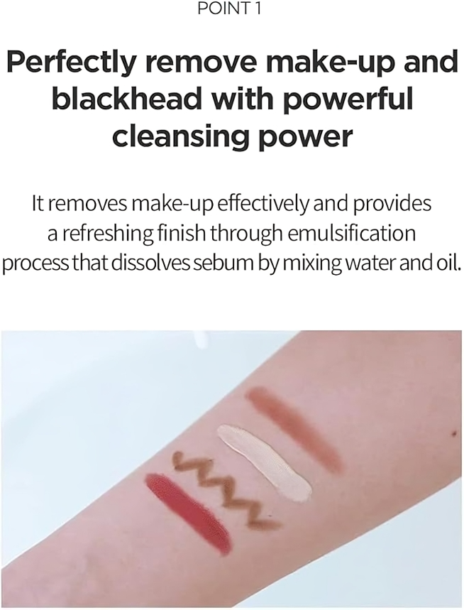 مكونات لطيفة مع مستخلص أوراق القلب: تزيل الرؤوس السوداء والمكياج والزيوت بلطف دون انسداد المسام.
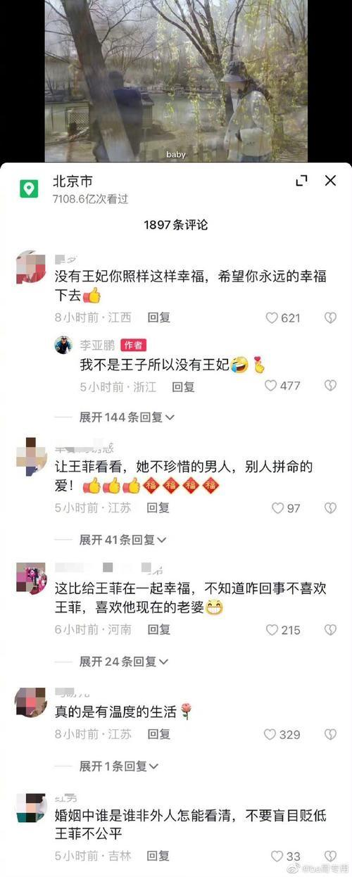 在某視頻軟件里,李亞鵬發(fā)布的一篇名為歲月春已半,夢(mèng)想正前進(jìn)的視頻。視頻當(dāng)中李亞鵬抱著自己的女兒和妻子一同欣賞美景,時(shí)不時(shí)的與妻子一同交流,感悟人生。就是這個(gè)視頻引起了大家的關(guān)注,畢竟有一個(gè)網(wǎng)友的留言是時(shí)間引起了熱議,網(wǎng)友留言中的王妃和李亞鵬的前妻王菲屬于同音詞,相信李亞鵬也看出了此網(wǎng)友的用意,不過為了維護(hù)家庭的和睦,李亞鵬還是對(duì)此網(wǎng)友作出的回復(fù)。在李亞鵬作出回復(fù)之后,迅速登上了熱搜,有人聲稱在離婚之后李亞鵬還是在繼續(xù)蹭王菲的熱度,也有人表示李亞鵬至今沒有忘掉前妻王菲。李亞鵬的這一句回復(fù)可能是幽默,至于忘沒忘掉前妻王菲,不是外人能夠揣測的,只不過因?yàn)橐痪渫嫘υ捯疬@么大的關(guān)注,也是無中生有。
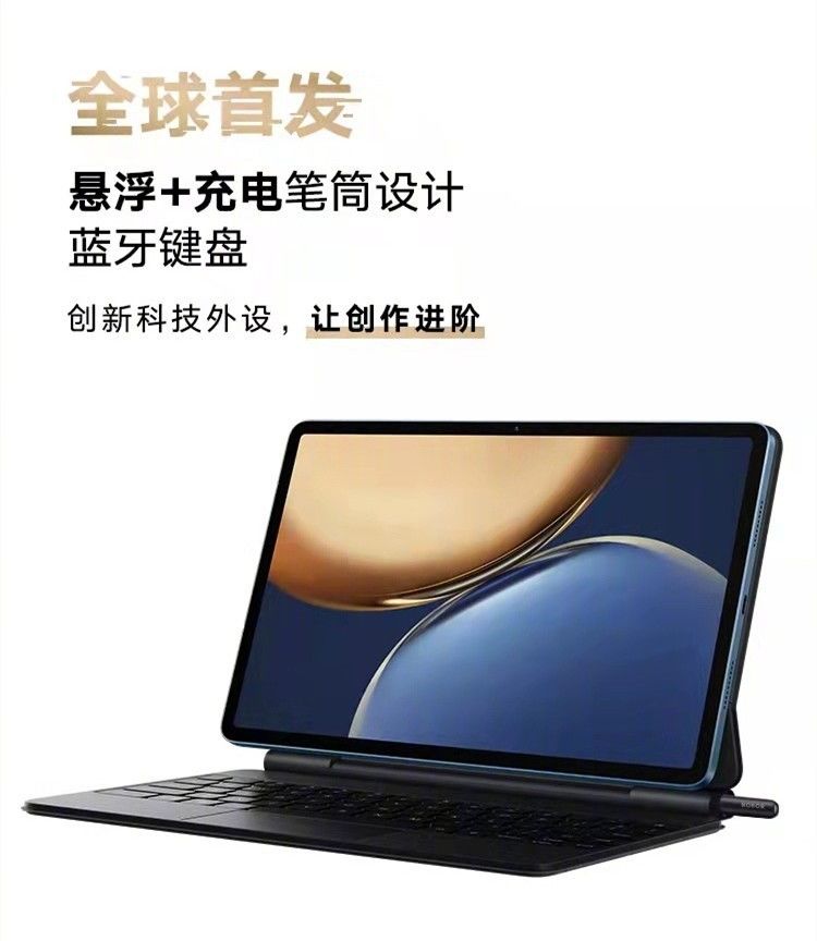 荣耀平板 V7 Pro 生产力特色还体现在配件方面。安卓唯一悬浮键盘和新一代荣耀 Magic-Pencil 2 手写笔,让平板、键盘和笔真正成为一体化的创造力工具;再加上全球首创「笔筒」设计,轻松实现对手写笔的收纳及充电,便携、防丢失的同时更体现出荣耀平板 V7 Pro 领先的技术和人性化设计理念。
◆ ◆ ◆ ◆ ◆ ◆ ◆
--- Task brief ---
Could you repeat each line above exactly as written? Omit the pictures.

--- Task output ---
 مكونات لطيفة مع مستخلص أوراق القلب: تزيل الرؤوس السوداء والمكياج والزيوت بلطف دون انسداد المسام.
 在某視頻軟件里,李亞鵬發(fā)布的一篇名為歲月春已半,夢(mèng)想正前進(jìn)的視頻。視頻當(dāng)中李亞鵬抱著自己的女兒和妻子一同欣賞美景,時(shí)不時(shí)的與妻子一同交流,感悟人生。就是這個(gè)視頻引起了大家的關(guān)注,畢竟有一個(gè)網(wǎng)友的留言是時(shí)間引起了熱議,網(wǎng)友留言中的王妃和李亞鵬的前妻王菲屬于同音詞,相信李亞鵬也看出了此網(wǎng)友的用意,不過為了維護(hù)家庭的和睦,李亞鵬還是對(duì)此網(wǎng)友作出的回復(fù)。在李亞鵬作出回復(fù)之后,迅速登上了熱搜,有人聲稱在離婚之后李亞鵬還是在繼續(xù)蹭王菲的熱度,也有人表示李亞鵬至今沒有忘掉前妻王菲。李亞鵬的這一句回復(fù)可能是幽默,至于忘沒忘掉前妻王菲,不是外人能夠揣測的,只不過因?yàn)橐痪渫嫘υ捯疬@么大的關(guān)注,也是無中生有。
 荣耀平板 V7 Pro 生产力特色还体现在配件方面。安卓唯一悬浮键盘和新一代荣耀 Magic-Pencil 2 手写笔,让平板、键盘和笔真正成为一体化的创造力工具;再加上全球首创「笔筒」设计,轻松实现对手写笔的收纳及充电,便携、防丢失的同时更体现出荣耀平板 V7 Pro 领先的技术和人性化设计理念。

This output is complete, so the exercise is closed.